View of apartments and other buildings seen from Namsan in Seoul (Yonhap)

View of apartments and other buildings seen from Namsan in Seoul (Yonhap)

SEOUL, Aug. 21 (Korea Bizwire) — South Korea moved to curb speculative demand from overseas buyers on Thursday, designating nearly all of the greater Seoul area as a restricted zone for foreign land transactions.

The Ministry of Land, Infrastructure and Transport announced that Seoul, 23 municipalities in Gyeonggi Province, and seven districts in Incheon will be subject to new requirements.

Under the measures, foreigners seeking to purchase residential land or homes larger than six square meters must obtain local government approval, move in within four months of purchase, and reside in the property for at least two years.

Officials said the move is designed to plug what had become a glaring regulatory loophole: while domestic buyers faced increasingly stringent financial and tax restrictions, foreigners were able to purchase property with relative ease, often with all-cash offers.

A panoramic view of downtown Seoul as seen from Inwangsan Mountain. (Yonhap)

A panoramic view of downtown Seoul as seen from Inwangsan Mountain. (Yonhap)

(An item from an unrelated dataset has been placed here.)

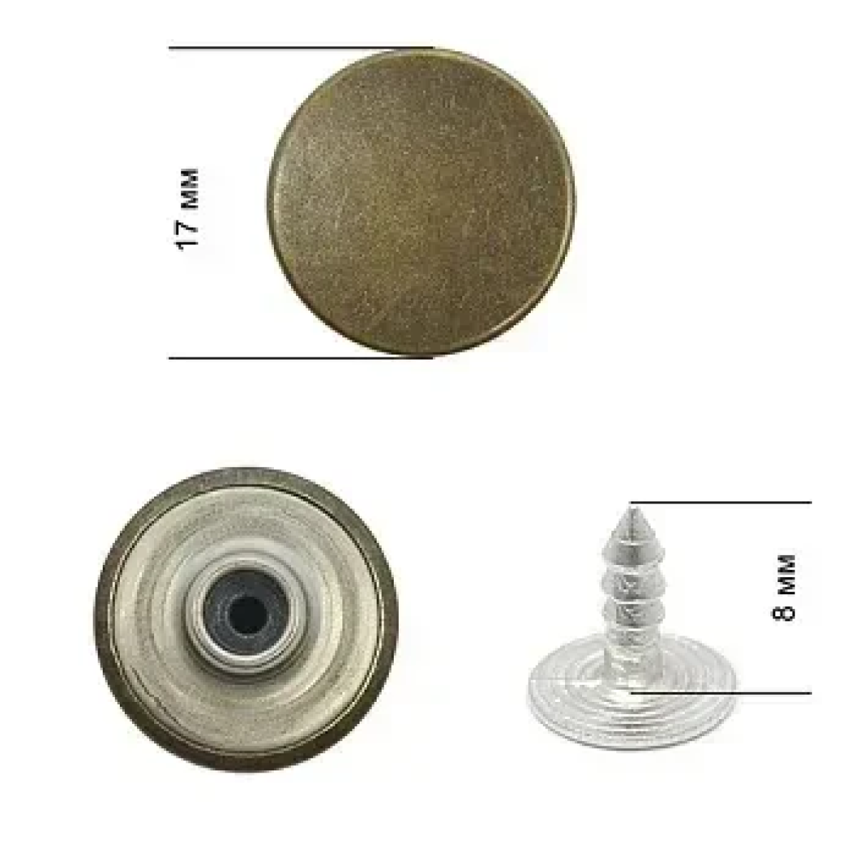 Гудзик для джинсів нержавіючий 17мм гладкий (Антик) 50 шт

Surge in Overseas Purchases

Foreign acquisitions of homes in the capital region have risen sharply in recent years, climbing from 4,568 transactions in 2022 to 7,296 in 2024—an average annual increase of 26 percent. This year’s figures are on track to extend that growth for a third consecutive year, with more than 4,400 purchases already recorded through July.

Chinese and American nationals accounted for nearly 90 percent of the foreign purchases last year, and apartments and multi-family housing units made up the bulk of the transactions. Some high-profile deals, such as cash-only purchases of luxury apartments worth 18 billion won ($13 million) in Yongsan and 7.3 billion won ($5.3 million) in Seocho, drew particular scrutiny.

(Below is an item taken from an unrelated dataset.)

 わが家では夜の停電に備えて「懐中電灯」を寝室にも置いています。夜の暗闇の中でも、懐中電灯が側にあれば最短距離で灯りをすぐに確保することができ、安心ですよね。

Officials also cited rising use of proxy arrangements, in which nonresident foreigners designate local managers to hold property on their behalf—transactions that authorities believe often mask speculative intent.

Luxury rental prices in Seoul have surged, with a growing number of apartments commanding monthly rents exceeding 10 million won ($6,900). (Image courtesy of Yonhap)

Luxury rental prices in Seoul have surged, with a growing number of apartments commanding monthly rents exceeding 10 million won ($6,900). (Image courtesy of Yonhap)

Addressing Domestic Backlash

The clampdown follows the government’s June 27 housing package, which limited mortgage loans for domestic buyers in the capital region to 600 million won. That policy triggered a backlash over what critics called “reverse discrimination,” since foreign buyers were unaffected and in some cases increased their activity as Korean households pulled back.

“Foreigners were not bound by loan-to-value ratios, debt service limits, or additional taxes on multiple-homeowners,” said Park Jun-hyung, a senior land policy official at the ministry. “This created a clear imbalance in the market.”

By imposing residency requirements and tightening oversight of funding sources, the government aims to level the playing field. Experts said the measures are unlikely to dramatically change overall transaction volumes, but they could help deter speculative inflows that amplify price volatility.

“This is a way to restore fairness in the housing market,” said Ham Young-jin, head of real estate research at Woori Bank. “While foreign transactions represent a small share overall, even one speculative deal can ripple widely in terms of market sentiment.”

Analysts added that the restrictions are unlikely to spark trade friction, noting that similar residency-based property controls exist in other advanced economies.